Раскачивание почти прекращается, и я поднимаюсь из-за стола, мне нужно выйти из комнаты хотя бы на пять минут. Плетусь к двери и едва поворачиваю дверную ручку, сверху слышится зловещий вой, но их гнев я могу выносить, по крайней мере недолго. Иду по темной лестничной площадке к туалету и стою над унитазом, расстегивая дрожащими пальцами брюки. Появляется маленький, похожий на трубку аппарат, нечто из сумки водопроводчика, и начинает мочиться крохотными черными паучками, в унитазе они свертываются точками и плавают по воде. Значит, у меня инвазия; значит, во мне обитает колония пауков; значит, я представляю собой сумочку с яйцами.

Возвратясь в комнату, я стою, опираясь руками о стол, и гляжу на голые деревья в парке, тускло освещенные уличным фонарем, тонкие веточки образуют бледный узор на фоне темноты. Небо затянуто тучами, луны нет. Там ничто не шевелится. Сажусь с шуршанием картона и газет, беру карандаш. Я думал, что не перенесу еще одной такой ночи, и, как всегда, ошибся, я обманываю себя мыслью, что свободен, могу контролировать себя, могу действовать. Это не так. Я их создание.

Эта работа по мне, думал я, наблюдая за людьми на огородах. После многочисленных просьб мне дали такую возможность, и я не разочаровал их. К тому времени я провел в Гэндерхилле почти десять лет и был хорошо известен. У меня была комната в блоке Е и несколько дозволенных вещей (а еще несколько недозволенных, спрятанных по разным тайникам). Мне было уютно, у меня была своя ниша; меня считали нелюдимым, хотя я поддерживал нечто вроде дружбы с Дереком Шедуэллом, человеком из Нигерии, которого, как и меня, несправедливо обвинили в убийстве матери; мы каждый вечер играли в бильярд в комнате отдыха. Я был в добрых отношениях с санитарами, и меня регулярно приветствовал на террасах доктор Остин Маршалл. Место в команде, работавшей на огородах, было своего рода вершиной моей карьеры в Гэндерхилле; и я был уверен, что, применяя то, чему научил меня отец в детстве, смогу делать все, что от меня требуется.

В восточном конце одной из террас каменная лестница спускалась к заброшенному участку величиной с футбольное поле, огражденному с одной стороны секцией наружной стены, в тени которой стоял старый вяз. Перпендикулярно стене с южной стороны другая лестница спускалась по склону на крикетное поле, а с северной был крутой подъем через невозделанный клочок земли с деревьями и кустами к верхним террасам. Вид у этого заброшенного поля был одичалый, унылый, там некогда существовал чайный сад, несколько предметов мебели для чаепития — пара плетеных кресел, железный столик — гнили и ржавели под вязом.
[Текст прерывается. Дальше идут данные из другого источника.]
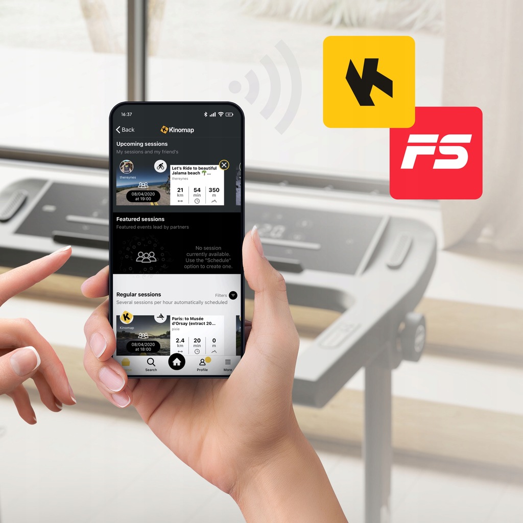 Bieżnia ZIPRO Pacto współpracuje z aplikacją mobilną FitShow, która pozwala na jej bezprzewodową obsługę smartfonem poprzez Bluetooth.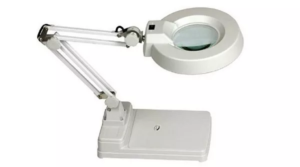 Đây là kính lúp công nghiệp với thiết kế màu trắng, cấu tạo gồm một thấu kính có vành bao quanh, nối với các cánh tay có 3 khớp di chuyển tới các vị trí khác nhau, sau đó được gắn với đế giúp cố định và giữ thăng bằng cho hệ kính lúp này.

Повсюду буйно росли кусты бурьяна и островки дикой травы, шел октябрь, и нанесенная ветром палая листва лежала у стены влажными, преющими кучами, среди них росли колонии поганок. Неподалеку от стены, у подножия поросшего лесом склона лежала неприглядная куча обрезков досок и сухих веток. В первое рабочее утро меня поставили очищать этот участок, чтобы засадить его по весне. У меня были вилы и тачка; в сарае лежали лопаты и мотыги, я мог их брать, когда нужно.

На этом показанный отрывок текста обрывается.